In EDM, Vladimir Socor has an
analysis of the controversial aspects of the Russia-Ukraine gas agreement - details which have been officially disclosed in Kyiv:
First, this is not just a bilateral interstate agreement, but has a third, co-equal signatory: RosUkrEnergo, an ostensibly private though shadowy offshoot of Gazprom. Second, Ukraine forfeits any possibility to import gas from Turkmenistan -- an option that Kyiv had pursued up to the last day in 2005. And, third, Naftohaz Ukrainy -- hitherto solely responsible for marketing all imported gas in Ukraine -- yields one half of that business to RosUkrEnergo.
And, in the same issue, Igor Torbakov
looks at the unwieldy combination of strategic objectives and private interests which comprise the Kremlin's energy policy. In addition, Torbakov notes that the "gas attack" on Ukraine has not exactly been an unqualified success for the Kremlin:
Russia did not succeed in splitting the Ukrainian population ahead of the country's parliamentary elections in March. It equally failed to force Kyiv to cede control over the national gas transportation system to Gazprom
The achieved result -- the relatively moderate revision of prices for the gas Russia supplies to Ukraine -- is too modest an outcome after the weeks of vitriolic anti-Ukrainian propaganda campaign waged by Moscow, personal involvement by Russian President Vladimir Putin, and, ultimately, the brief disruption of gas supplies to Russia's European customers.
Russia's national interests likely suffered a blow in this affair, a number of independent analysts suggest.
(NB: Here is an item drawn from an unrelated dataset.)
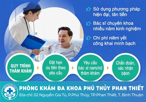 Phòng Khám Đa Khoa Phú Thủy Phan Thiết - Đơn vị y tế đồng hành cùng sức khỏe sinh lý nam giới. Với những yếu tố của một phòng khám chuẩn quốc tế, chúng tôi sẵn sàng đón tiếp cũng như có thể giúp bạn giải đáp được những tâm tư về “cậu bé” một cách chu đáo và rõ ràng.

But not the interests of several very influential Russian individuals associated with Gazprom. At the heart of the Russian-Ukrainian deal is the role of the shady intermediary, RosUkrEnergo, whose significance has been tremendously enhanced: under the terms of the agreement, the Swiss-based Gazprom joint venture will become the "exclusive distributor" for all gas imports to Ukraine. This company, like a number of its predecessors, has been created with the sole purpose of skimming off profits from Gazprom. As one knowledgeable Moscow source notes, it is a "more or less private business" operating in the interests of the Gazprom senior management and in those of the Kremlin leadership.
If anything, the latest episode of the Russian-Ukrainian gas war lays bare the thorough blurring of the line dividing private and public interests at the top of Russian power structures as well as the completely opaque nature of "strategic" decision-making.